Many modern iterations of cocktails, such as the Manhattan, have substituted bourbon for rye whiskey. We’ve followed the trend, using Bulliet bourbon for Sazeracs for several years and enjoying corn sweetness and light oak in combination with the anise notes from the absinthe. Recently we’ve found that Woodford Reserve bourbon, with its flavors of maple, barrel char, pepper, and clove, does an even better job of creating a complex, satisfying cocktail with very few ingredients.
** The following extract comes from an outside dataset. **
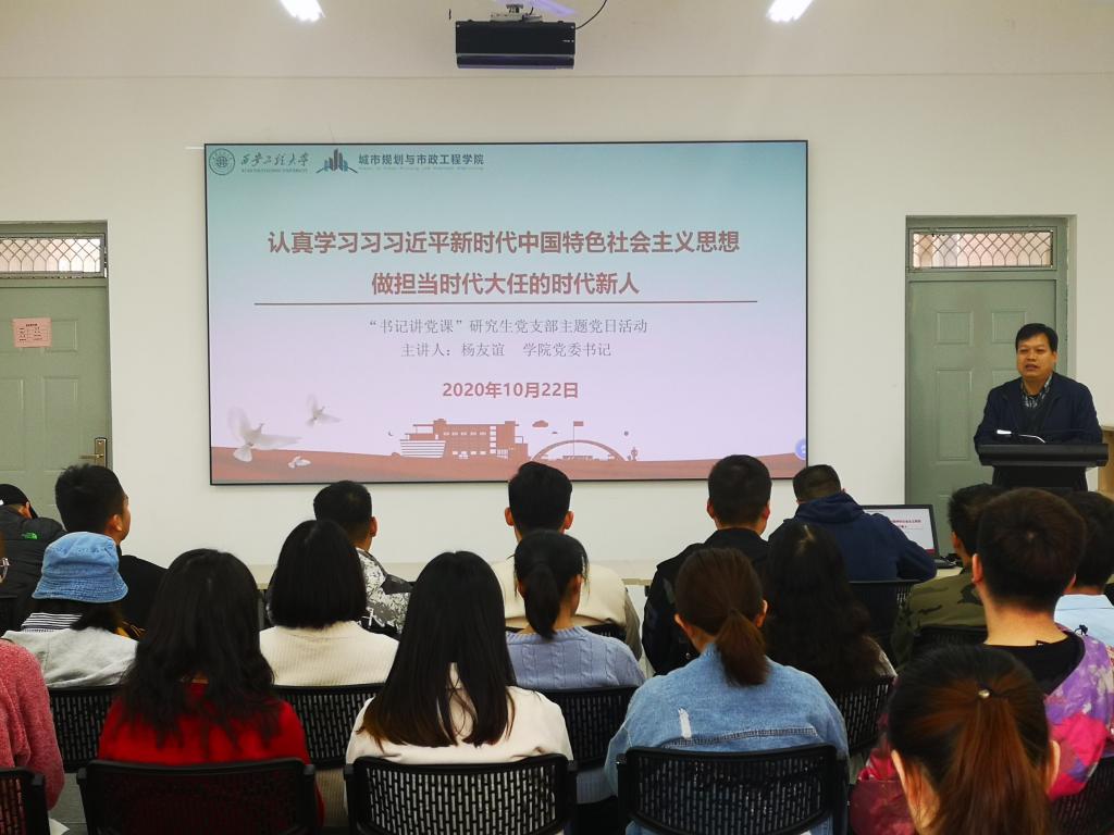 会议首先由杨友谊为新入校的研究生党员讲了一堂题为“学习习近平新时代中国特色社会主义思想——做担当时代大任的时代新人”主题党课。杨友谊结合历史事迹和现实事例从“产生背景和形成、内容、重大意义和价值、如何实践,如何做担当时代大任的时代新人”五个方面向同学们详细解读了习近平新时代中国特色社会主义思想。

Our conclusion is that neither the cognac nor rye versions will supplant bourbon, particularly Woodford Reserve as our spirit of choice for the Sazerac. Additionally, we’ve found little difference in taste in using simple syrup instead of muddling a sugar cube. If you have simple syrup on hand, it’s quicker and easier.

Sazerac (our favorite with Woodford Reserve)


  • 1.5 oz. bourbon
  • Splash of Absente
  • 2 – 3 dashes of Peychaud’s bitters
  • ¼ oz. simple syrup
  • Lemon peel for garnish


  1. Chill a coup glass with ice water.
  2. In a shaker, add ice, bourbon and bitters and shake gently.
  3. Remove ice water from the coup glass and coat the glass with a splash of Absente.
  4. Strain the contents of the shaker into the glass.
  5. Rub the lemon peel around the rim of the glass and use as garnish.

Unlike my search for the perfect Mai Tai, where a bit of research and experimentation with different ingredients led to a cocktail epiphany, I came full circle in my exploration of the Sazerac, realizing that what I started with was pretty darn good!